My very smelly urine went away a few months ago and I assumed I was clearing bad stuff in my kidneys. Perhaps I was clearing metals after all. In any case, my ability to self-muscle test tells me that the artesmimin and even the Cofactors are not helpful to my body at this time. I do not know if this means I have cleared a lot of heavy metals. Re: Lyme, I had Bartonella detected and I have seen bartonella on a slide of my live blood.

“I am sorry, tumbling, but being a mother actually changes everything. ”

And I’m sorry, but do you know how condescending this sounds?

Maybe objectively speaking the death of a mother is more tragic that the death of a non-mother of the same age. But a non-mother still has a life and people who love her.

I cannot have children. My life is still important to me.

@David

They say they were wrong fro bleeding so many patients but I have never read an apology.

What now? You want an apology from doctors several hundred years ago for doing something they genuinely thought to work – and abandoned it once they realised they were wrong?

Healing means getting the bad stuff out that was placed inside my body intentionally by the state and the doctors.

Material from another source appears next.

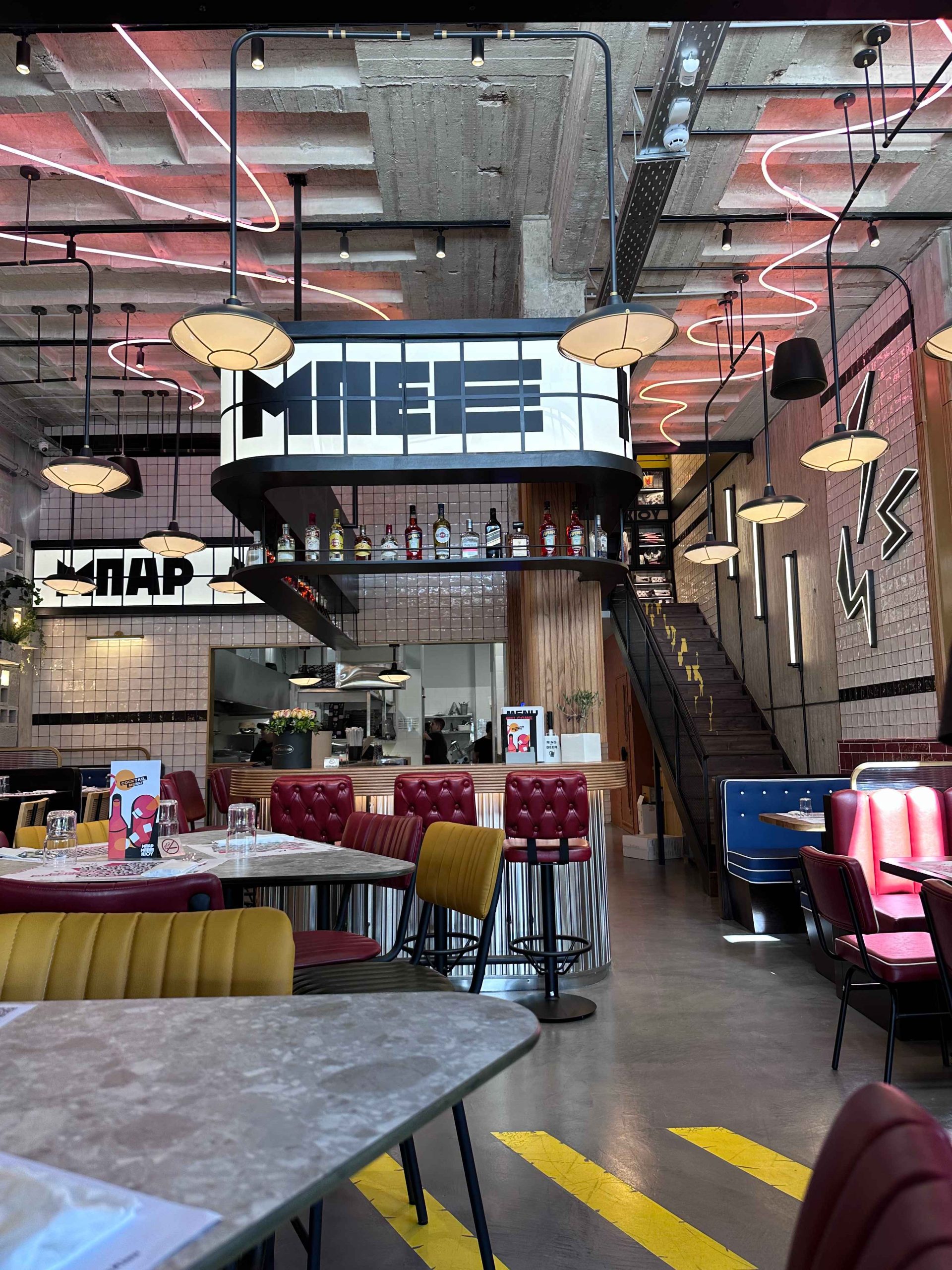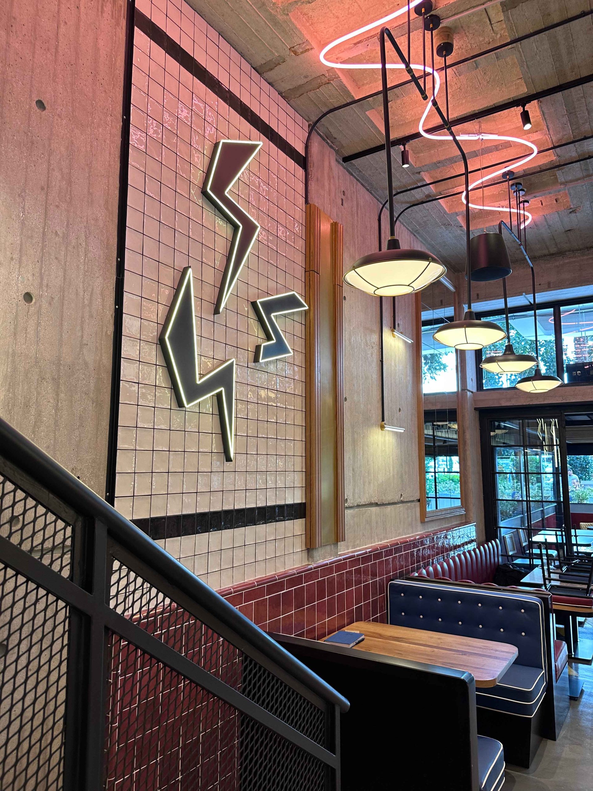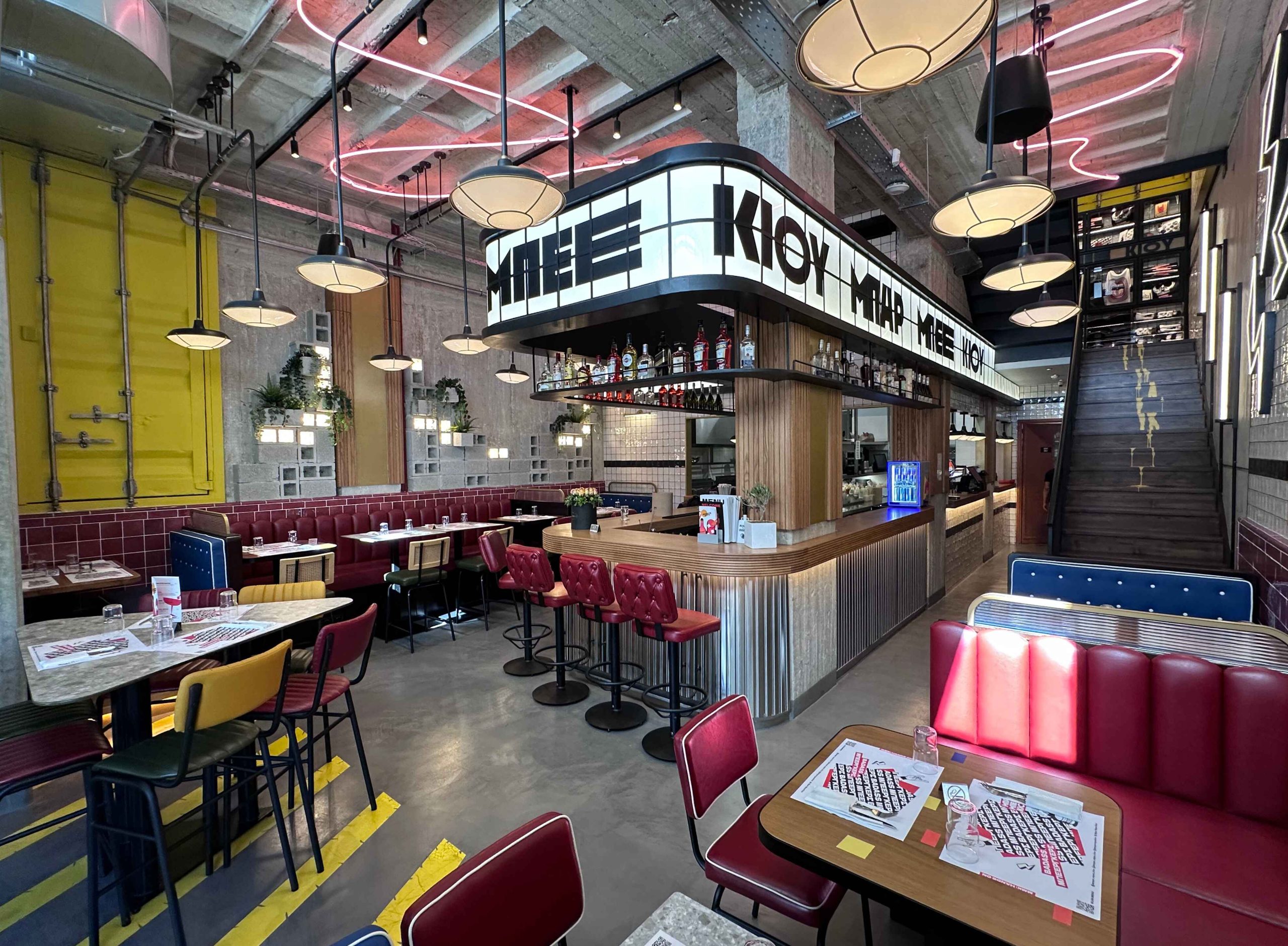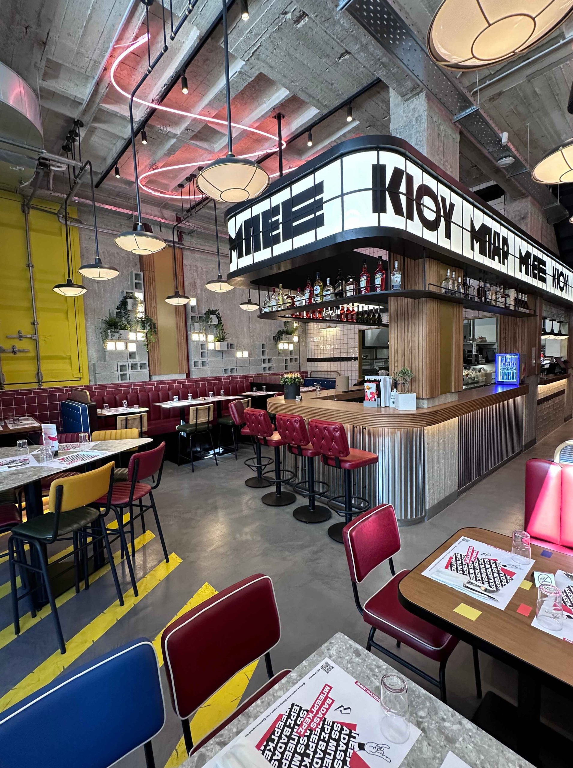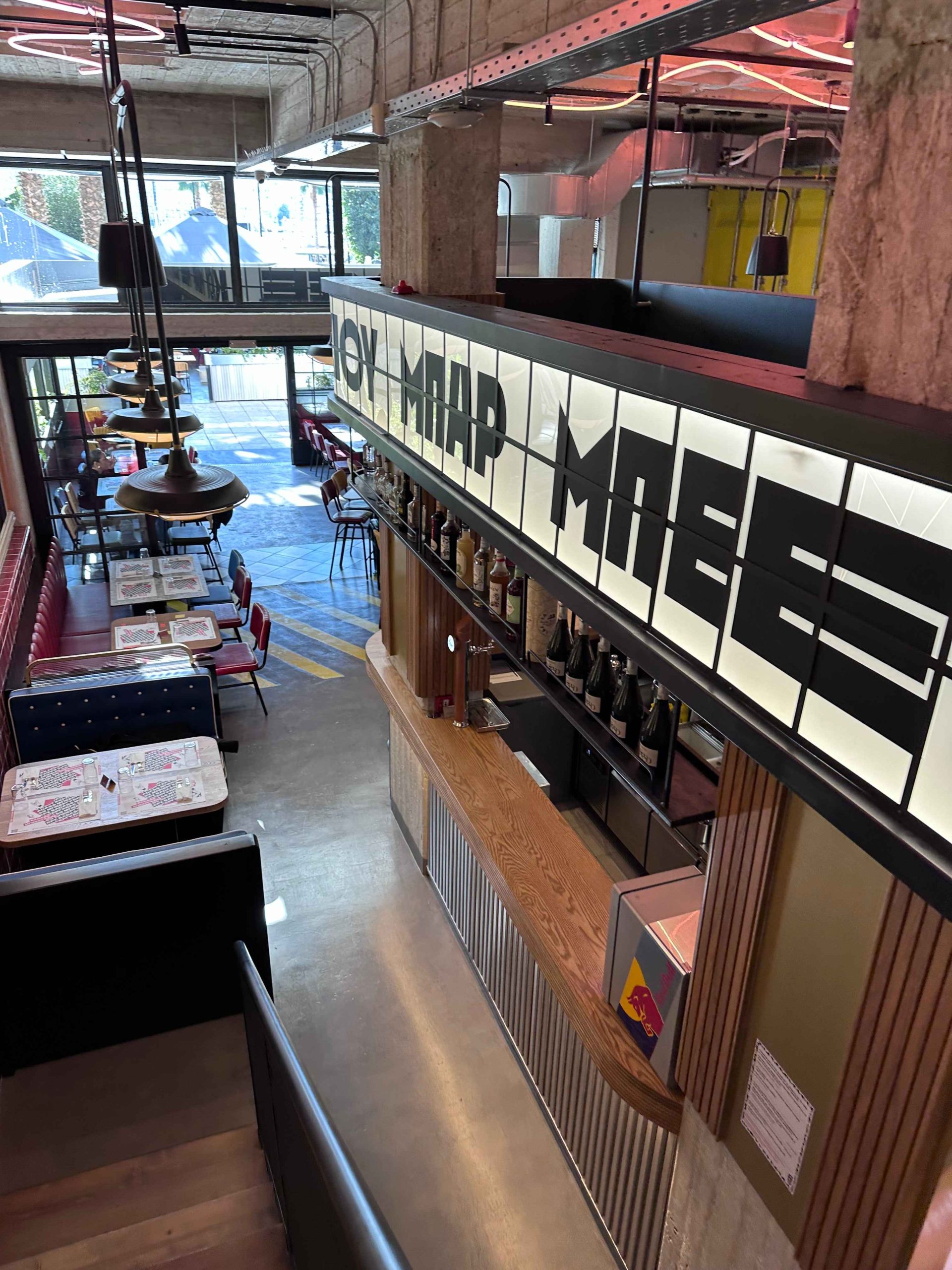 Η κουζίνα ακολουθεί την φιλοσοφία της ανοικτής κουζίνας ενώ ένα επιβλητικό κεντρικό μπαρ έχει σχεδιαστεί στο κέντρο του καταστήματος σε μια προσπάθεια δημιουργίας ενός ζωτικού πυρήνα στο κέντρο.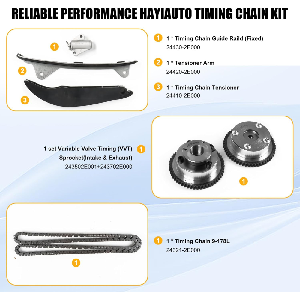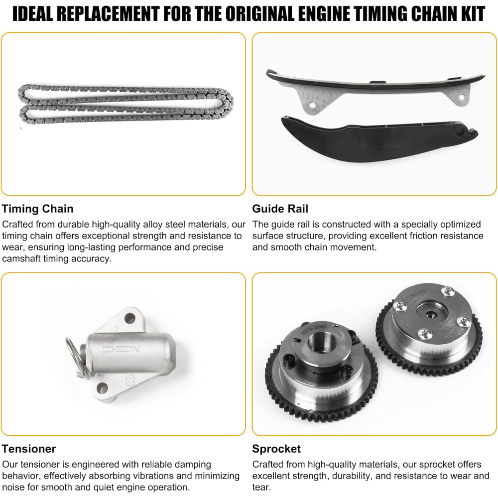 WHY OUR CUSTOMERS KEEP SHOPNG WITH US ✅All items are covered by manufacturer warranty. ✅FAST FREE SHIPPING. ✅Most orders ship within 1 business day with Tracking Number. Customer also can choose two-day or expedited shipping. ✅100% customer satisfaction is backed by a 30-Day Money Back Guarantee for New items and a 30-Day Money Back Guarantee for Recon. FEATURES 1 Manufactured with Precision to Meet OE Standards IATF16949 Certified. 2 High Quality & Brand New 3 Two Year Warranty. 4 After Market Replacement 5 Customers Service Center Will Deal with Pre-sale and After-sale Problems In Time Timing Chain Kit Head Gasket Set with Head Bolts for 11-14 Hyundai Kia 1.8L 2.0L WHY OUR CUSTOMERS KEEP SHOPNG WITH US ✅All items are covered by manufacturer warranty. ✅FAST FREE SHIPPING. ✅Most orders ship within 1 business day with Tracking Number. Customer also can choose two-day or expedited shipping. ✅100% customer satisfaction is backed by a 30-Day Money Back Guarantee for New items and a 30-Day Money Back Guarantee for Recon. FEATURES 1 Manufactured with Precision to Meet OE Standards IATF16949 Certified. 2 High Quality & Brand New 3 Two Year Warranty. 4 After Market Replacement 5 Customers Service Center Will Deal with Pre-sale and After-sale Problems In Time 6 Factory Affordable Price with High Quality Service: Return/ Replace/ Offer Technical Support. FITMENTS 2011-13 HYUNDAI ELANTRA 1.8L 1797CC L4 GAS,Engine: NU 2014 HYUNDAI ELANTRA SE 1.8L L4 GAS,Engine: NU 2011-14 HYUNDAI ELANTRA LIMITED 1.8L L4 GAS,Engine: NU 2011-14 HYUNDAI ELANTRA GLS 1.8L L4 GAS,Engine: NU 2013-14 HYUNDAI ELANTRA GT 1.8L L4 GAS,Engine: NU 2013 HYUNDAI ELANTRA CPUPE GS/ES/BASE 1.8L L4 GAS,Engine: NU 2012-13 KIA SOUL 2.0L 1999CC 122CU. IN. L4 GAS,Engine: NU OEM NUMBER 24420-2E000, 24430-2E000, 243212E000, 244102E000, 244202E000 ITEM INCLUDES Engine Cylinder Head Gasket Set with Head Bolts1 CHAIN 9-178L 1 TENSIONER 1 GUIDE LEFT 1 GUIDE RIGHT 1 CVVT Intake Camshaft Gear Sprocket 1 CVVT Exhaust Camshaft Gear Sprocket FREE RETURN If you are unhappy with your purchase for any reason, you can return it to us in an un-used condition in the original packaging within 30 days of purchase and we'll give you a refund or exchange. The refund/Exchange will not include postage/eBay costs. Please note you MUST contact us to obtain a Return Authorization Number before returning any part. Any parcel without the Return Authorization Number will be rejected *If your item is faulty or was incorrect, you must contact our sales representative before returning the parcel and we will endeavour to solve the problem effectively. Video or picture is required to show the item 、condition before we issue the Return Authorization Number. * Professional installation is highly recommended (No Instruction Included) * For any needs please contact us Item Specifics Brand : susucar Type : Timing Chain Kit Head Gasket Kit OE/OEM Part Number : 22311-2E000 22311-2E080 HS26561PT CS26561 ES72486 Interchange Part Number : ES72486 HBHY23 HSHY23 CPW13795 Superseded Part Number : HGB193 223112E000 223112E080 Other Part Number : 24420-2E000, 24430-2E000, 243212E000, 244102E000, 244202E000 Compatible Makes : Hyundai Kia Compatible Model : Elantra GT Forte Soul Forte5 Tucson Coupe Koup Compatible Years : 2011-2014 Compatible Engine : 1.8L 2.0L L4 Items Included : Head Gasket Set, Head Bolt,Timing Chain Kit,VVT Gears Material : Multiple Layers Steel (MLS) Head Gasket Fitment Type : Direct Replacement OE Spec or Performance/Custom : OE Spec About My Store : 100% SATISFACTION, 100% Source manufacturer Manufacturer : SUSUCARpartsWhosale Note : Please contact us to confirm the application before Purchase Manufacturer Warranty : 2 Years Why choose US? Susucar is passionate about maintaining our culture of demonstrating value and building personal client relationships in perfecting the client experience. We are also a culture of giving back to the community and preserving our precious planet - a passion that runs deep throughout our Company. Every single item we sell goes through thorough inspection processes to make sure it works perfectly for you. If for any reason you are not satisfied with our product, please shoot us a message. We will do everything in our power to make things right Returns and Exchanges Hassle Free Returns! All our new and refurbished products come with a 30-Day Free Return Policy. If you would like to return your item and you are within 30 days of the purchase, and it is still in its original condition, you can request a return label and return the item by contacting us through eBay messaging. We offer Free Returns in the USA and will provide you with a prepaid return label. Once the item has been received and verified, a refund of the purchase price and any taxes paid will be issued. Shipping & Payment Policy Ground Shipping is always Free within the US (48 contiguous states)! Once payment is received, your order will be processed and shipped the same or next business day. A tracking number will be provided on all orders. Please note that we can only ship to addresses verified with PayPal. We may contact you for additional verification if needed. We cannot ship to APO or FPO addresses, and orders to Puerto Rico, Hawaii, and Alaska will incur additional shipping charges. For your safety and convenience, we process all payments through PayPal where all major Credit Cards are accepted (Amex, Visa, MasterCard, Discover, etc.). We unfortunately cannot accept payments from accounts located outside of the US and Canada. For "Buy It Now" listings, your PayPal payment is due at the time of checkout. For auction style listings, your PayPal payment is due within 48 hours after the end of the auction. Warranty Free 2-Year Warranty included on all our new and refurbished products. We proudly stand behind the quality of our products FAQ Nature of our Products: We sell a variety of products - from "Brand New" in original box to, "Like New" or "Refurbi

The “state” forced you to take medical treatments you didn’t want? Which state? Why?

And this beautiful actress is to be applauded as “courageous” for taking healthy breast tissue and inserting a toxic substitute?

Because her only value is as a well-known beauty, right?

Here prominent tattoos are toxic and more likely to present as a threat to her health…her healthy tissue is not a threat.

How are tattoos toxic? I know many tattooed people and none of them are unusually sick.

… On a side note, does anyone have a medical bingo card for fallacies and tropes? These comments really do get dull after a while.

A search for his name in quotes, plus the word mercury turns up some… er, interesting comments and links.

[…] med seg: Angelina Jolie har fjernet begge brystene pga fare for brystkreft. David Gorski har en skeptisk gjennomgang av brystkreftrisiko, doble masektomier og kvakksalvere. Go’gutt Robert O. Young har også […]

“I am sorry, tumbling, but being a mother actually changes everything. ”
To the posters who don’t like this statement, it is neither condescending nor patronizing, it is simply the truth. It does not diminish women who can’t have kids, nor those who choose not to. But being a mother is life changing whether you like it or not.

Biblia, everyone acknowledges that motherhood is life changing. But in the context of this story, are you really saying that if Jolie were childless she would be quite happy to risk her life for the sake of keeping her breasts? Because that seems to be the implication. And I’m sorry that you can’t see how hurtful that implication is.